The material below includes pictures; leave them out and return only the lines between the line containing "Inventory Inventory Signage" and the line containing "- 女性に嬉しい成分が豊富に含まれる、ザクロとバラを原材料に使用しています。", inclusive, word for word.

## GIVEN RECORDS

|---|

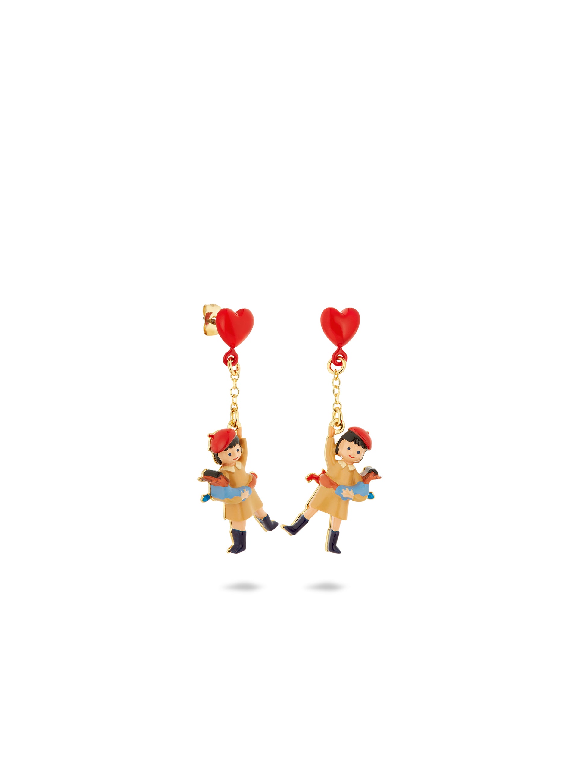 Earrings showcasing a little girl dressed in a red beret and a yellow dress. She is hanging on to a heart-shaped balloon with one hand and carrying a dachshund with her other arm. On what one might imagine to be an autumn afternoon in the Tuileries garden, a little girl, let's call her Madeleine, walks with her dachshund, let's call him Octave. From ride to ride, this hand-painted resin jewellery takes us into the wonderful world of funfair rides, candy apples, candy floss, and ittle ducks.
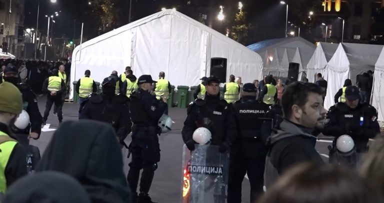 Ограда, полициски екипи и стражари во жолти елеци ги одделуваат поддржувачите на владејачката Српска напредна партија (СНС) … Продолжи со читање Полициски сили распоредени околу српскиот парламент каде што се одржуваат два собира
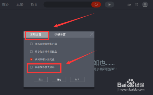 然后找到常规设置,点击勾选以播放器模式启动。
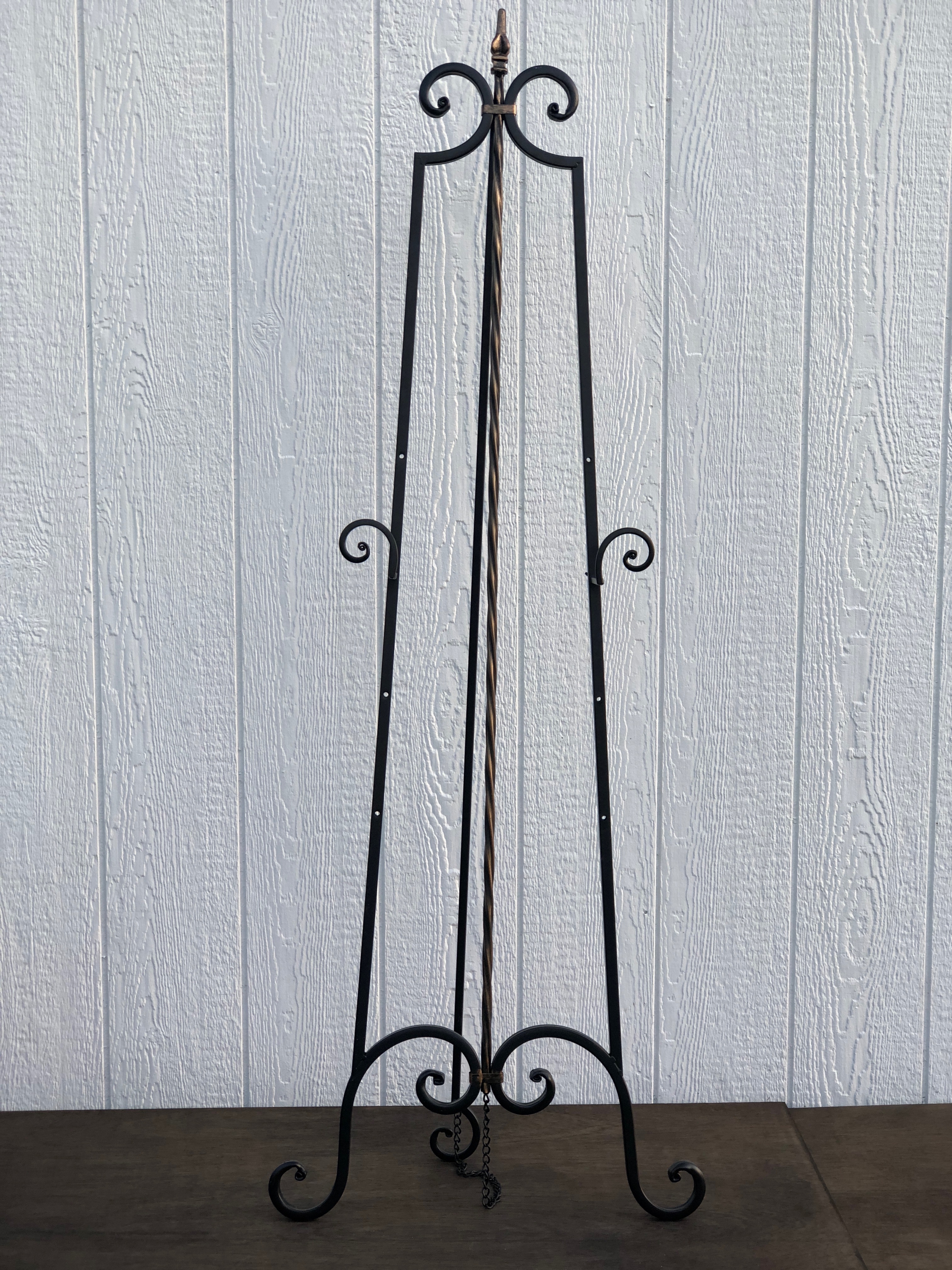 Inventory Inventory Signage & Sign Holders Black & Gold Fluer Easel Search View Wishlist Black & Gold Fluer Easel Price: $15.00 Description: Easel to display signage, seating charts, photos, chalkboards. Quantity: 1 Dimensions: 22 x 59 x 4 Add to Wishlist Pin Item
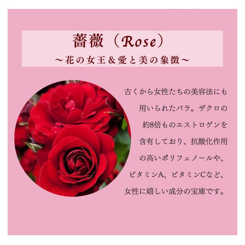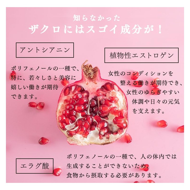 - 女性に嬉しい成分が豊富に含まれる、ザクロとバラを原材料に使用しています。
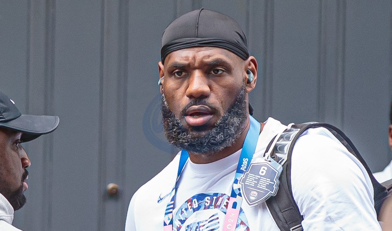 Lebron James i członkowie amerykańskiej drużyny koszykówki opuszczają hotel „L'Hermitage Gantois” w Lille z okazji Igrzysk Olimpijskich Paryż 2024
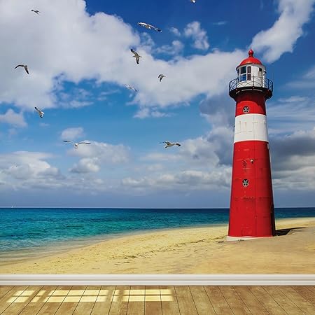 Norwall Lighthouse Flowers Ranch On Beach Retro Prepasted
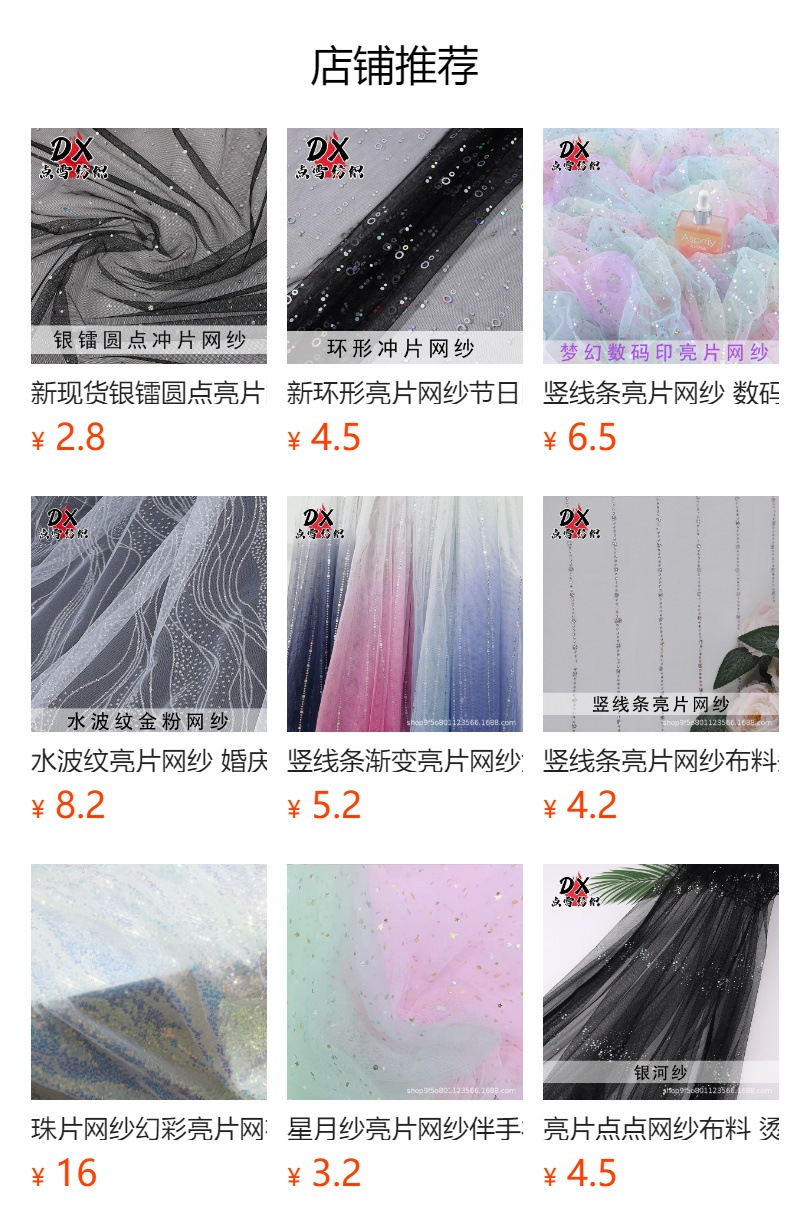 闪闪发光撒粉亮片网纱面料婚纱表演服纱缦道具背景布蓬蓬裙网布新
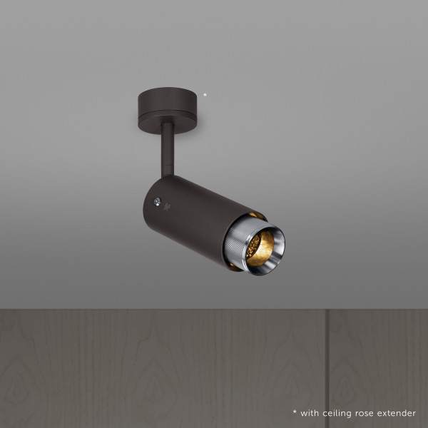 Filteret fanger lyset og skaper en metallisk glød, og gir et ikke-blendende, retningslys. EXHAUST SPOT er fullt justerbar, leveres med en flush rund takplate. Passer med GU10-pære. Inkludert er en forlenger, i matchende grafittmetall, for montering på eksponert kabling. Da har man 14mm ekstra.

|---|

## WRITTEN REPLY
 Inventory Inventory Signage & Sign Holders Black & Gold Fluer Easel Search View Wishlist Black & Gold Fluer Easel Price: $15.00 Description: Easel to display signage, seating charts, photos, chalkboards. Quantity: 1 Dimensions: 22 x 59 x 4 Add to Wishlist Pin Item
 - 女性に嬉しい成分が豊富に含まれる、ザクロとバラを原材料に使用しています。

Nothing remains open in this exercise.